Cut-off is (precision - based) set when precision reach 0.9 in the test data.
Cut-off is (recall - based) set as the probability of the lowest true positive in the test data.
t.c.df <- computeThresholdCompartment(test.repA = test.A, test.repB = test.B)
head(t.c.df)
The determined thresholds for the compartment levels are applied to all classifications.
c.cls.df <- applyThresholdCompartment(all.repA = all.A, all.repB = all.B, threshold.df = t.c.df)
head(c.cls.df)
Compartment level classification probabilities are summed to neighborhood probabilities and thresholds for neighborhood analysis are estimated as described above for compartment level analysis except precision based cut-off is set to 0.95.

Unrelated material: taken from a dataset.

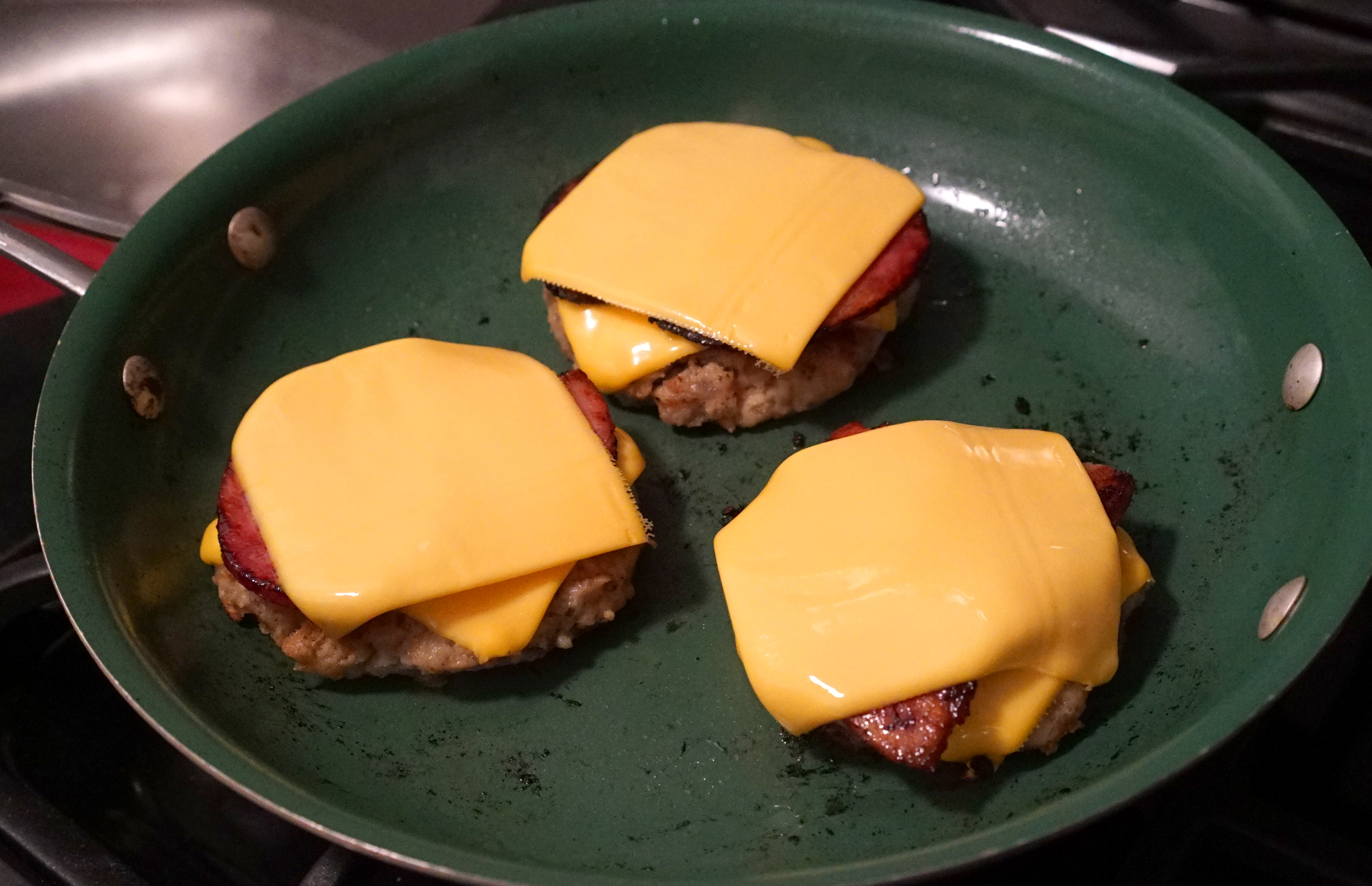 STEP 3: You should have some hammy oil in the pan now. LEAVE IT! Put your patties in and let them sizzle up like a regular burger.

t.n.df <- computeThresholdNeighborhood(test.repA = test.A, test.repB = test.B)
head(t.n.df)
The determined thresholds for the neighborhood levels are applied to all classifications.
n.cls.df <- applyThresholdNeighborhood(all.repA = all.A, all.repB = all.B, threshold.df = t.n.df)
head(n.cls.df)
Individual classifications (compartment and neighborhood) are merged into one data frame.
cls.df <- mergeCls(compartmentCls = c.cls.df, neighborhoodCls = n.cls.df)
head(cls.df)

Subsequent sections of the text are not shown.